Sunday, July 13, 2008

A Noble Roman Lights a Candle to Guide America's Path

After a recent post, Will China's Economy Overtake That of The U.S. By 2035? I received a comment from fellow blogger Fabius Maximus. This led to an exchange that called attention to my latest post A Look Back At Doom and Gloom.

Fabius responded and noted that our themes about America tend to overlap. Those posts really appealed to my historian roots. And with his permission, I am linking them, and encouraging my readers to introduce themselves to Fab's thoughtful insights.

Here is a little tease of what Fab has to say.
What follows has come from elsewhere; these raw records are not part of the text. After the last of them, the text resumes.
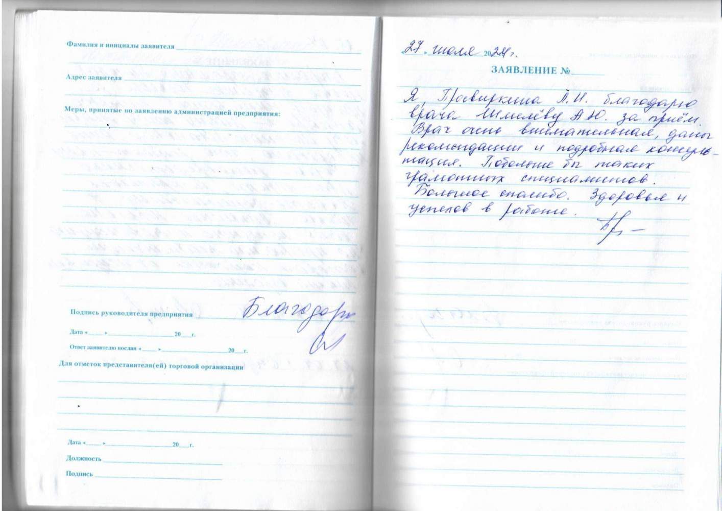 Я, Просвиркина Лидия Ивановна, благодарю врача Шмелеву А.Ю. за прием. Врач очень внимательный, даны рекомендации и подробная консультация. Побольше бы таких грамотных специалистов. Большое спасибо. Здоровья и успехов в работе. Просвиркина Л.И.
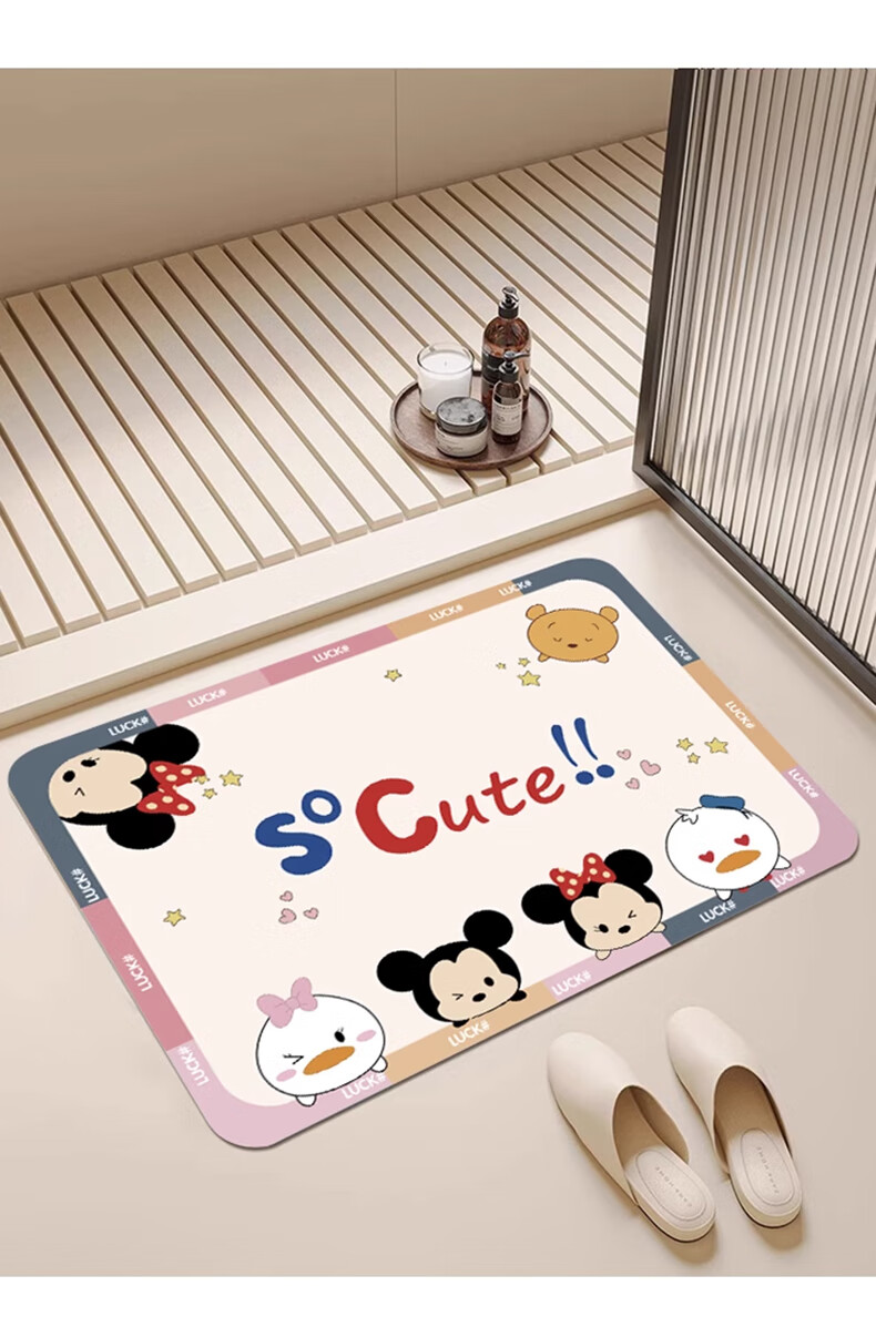 季象家用卫浴地垫浴室厨房防滑垫入户门垫厕所卫生间门口吸水速干脚垫 GZN-童趣卡通浅绿 40x60 cm【吸水黑科技体验装】
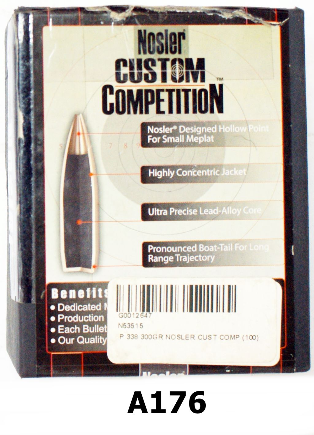 079A – A176 – .338win Nosler Custom Competition Hollow Point Boat Tail 300gr x 50
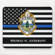 Mouse Pad do Departamento de Polícia de Linha Azul - bandeira americana em cores da Polícia, design azul e preto moderno. Personalize com o logotipo do seu departamento e personalize com o nome dos policiais. Este painel de polícias personalizado é perfeito para departamentos de polícia e polícias. COPYRIGHT © 2020 Judy Burrows, Black Dog Art - Todos Os Direitos Reservados. Pad do mouse de Polícia personalizada do Departamento de Polícia
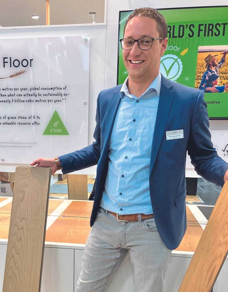 Koczwara reklamierte auf der BAU zwei Weltneuheiten für sich: den Strohboden Jangal und mit „Check smart tile“ die erste „Steinfliese“ zum Klicken. Im Bild Verkaufsleiter Philip Holzenkämpfer - © bwd
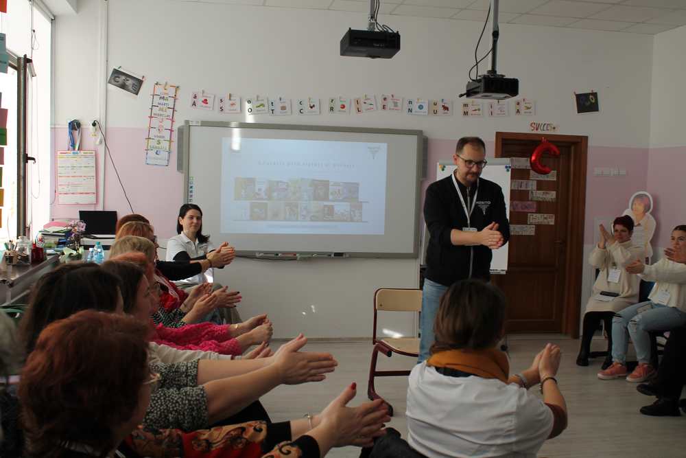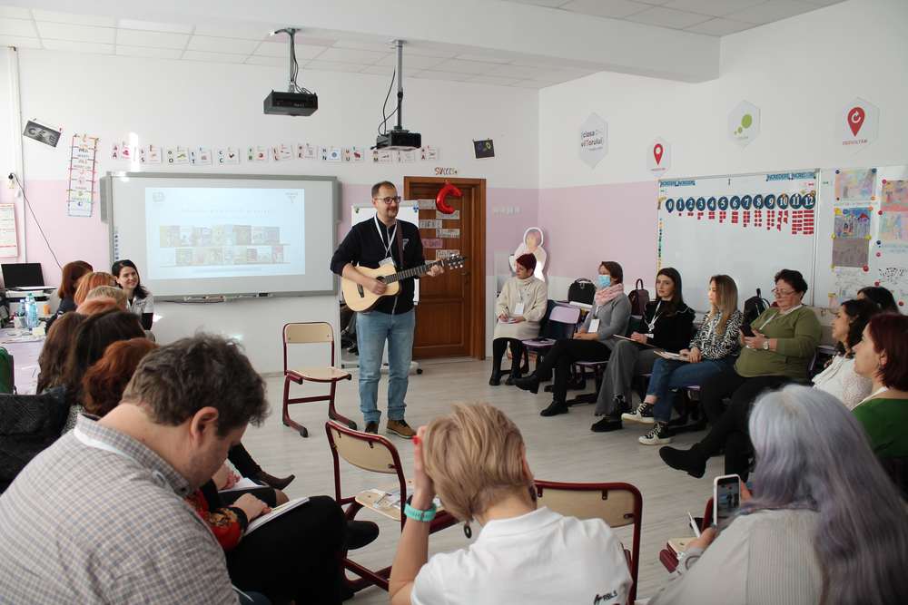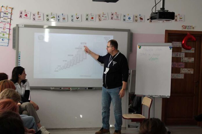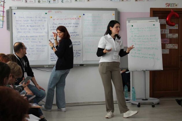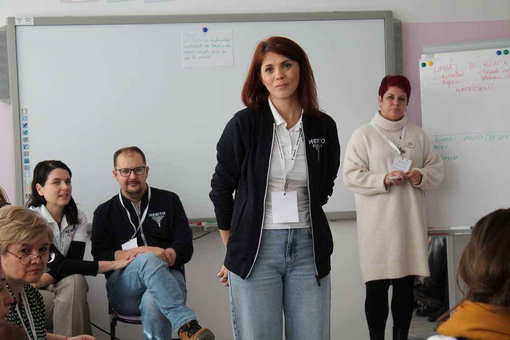Programul evenimentului a inclus, în cea de-a doua zi a Forumului MERITO Moldova, la Școala Gimnazială ”Al.I.Cuza”, ateliere pe teme de actualitate, la care au luat parte profesori din diferite niveluri de învățământ. Cel la care am asistat eu a fost atelierul de “Educație prin Virtuți și Povești”, susținut de Anamaria şi Alec Blenche, co-fondatori şi facilitatori EduVit, şi Adina Mătieş, consultant şi antreprenor în educaţie.
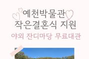 K-Classic News 기자 | 예천박물관은 오는 3월부터 야외 잔디마당을 ‘작은결혼식’ 장소로 무료 대관한다고 밝혔다. 이번 사업은 과도한 결혼 비용과 형식 중심의 예식 문화에서 벗어나, 실속 있고 가치 중심의 결혼식을 장려하기 위해 마련됐다. 특히 자연 친화적이고 개방감 있는 예천박물관 야외 잔디마당의 공간적 특성을 살려 가족·친지 중심의 따뜻한 예식을 지원할 계획이다. 대관 대상은 신청일 현재 부부 중 1인 이상이 예천군에 주소를 두고 있는 예비 부부로, 신청을 희망하는 경우 예천박물관 홈페이지에서 신청서를 내려받아 작성 후 제출하면 된다. 예식은 양가 하객 100명 이하의 소규모로만 가능하며, 음식 제공은 음료에 한해 허용되고 피로연은 금지된다. 김상식 문화관광과장은 “박물관의 아름다운 잔디마당이 예비부부들에게는 실속 있고 특별한 추억의 장소가 되길 기대한다”며 “이용객들이 불편함 없이 생애 가장 빛나는 순간을 맞이할 수 있도록 운영과 지원에 최선을 다하겠다”고 말했다.

Innovation of new forms of society and technology. It is the key to our progress. It has allowed us to evolve from naked hunter-gatherers to the dominant species on this planet. This process is slow, normally taking hundreds or even thousands of years. But occasionally evolution leaps forward. **
Many people look to the future with fear. We see this fear throughout the web. Right-wing sites describe the imminent end of America: overrun by foreigners, victim of cultural and financial collapse. Left-wing sites describe “die-off” scenarios due to Peak Oil, climate change, and ecological collapse - as the American dream dies from takeover by theocrats and fascists.
Most of this is nonsense, but not the prospect of massive changes in our world. But need we fear the future?
The past should give us confidence when we look ahead. Consider Dodge City in 1877. Bat Masterson is sheriff, maintaining some semblance of law in the Wild West. Life in Dodge is materially only slightly better from that in an English village of a century before. But social and technological evolution has accelerated to a dizzying pace, and Bat cannot imagine what lies ahead.

As we start a New Year I find it useful to review my core beliefs. It is easy to lose sight of those amidst the clatter of daily events. Here is my list:
1. We are a people with a great past.
2. The challenges ahead are no greater than those behind us.
3. The American people can surmount these challenges if we work together.
4. We will be what we wish to be, if we but make the necessary effort.

I have made Fab a welcome addition to my blogroll, under History and Culture.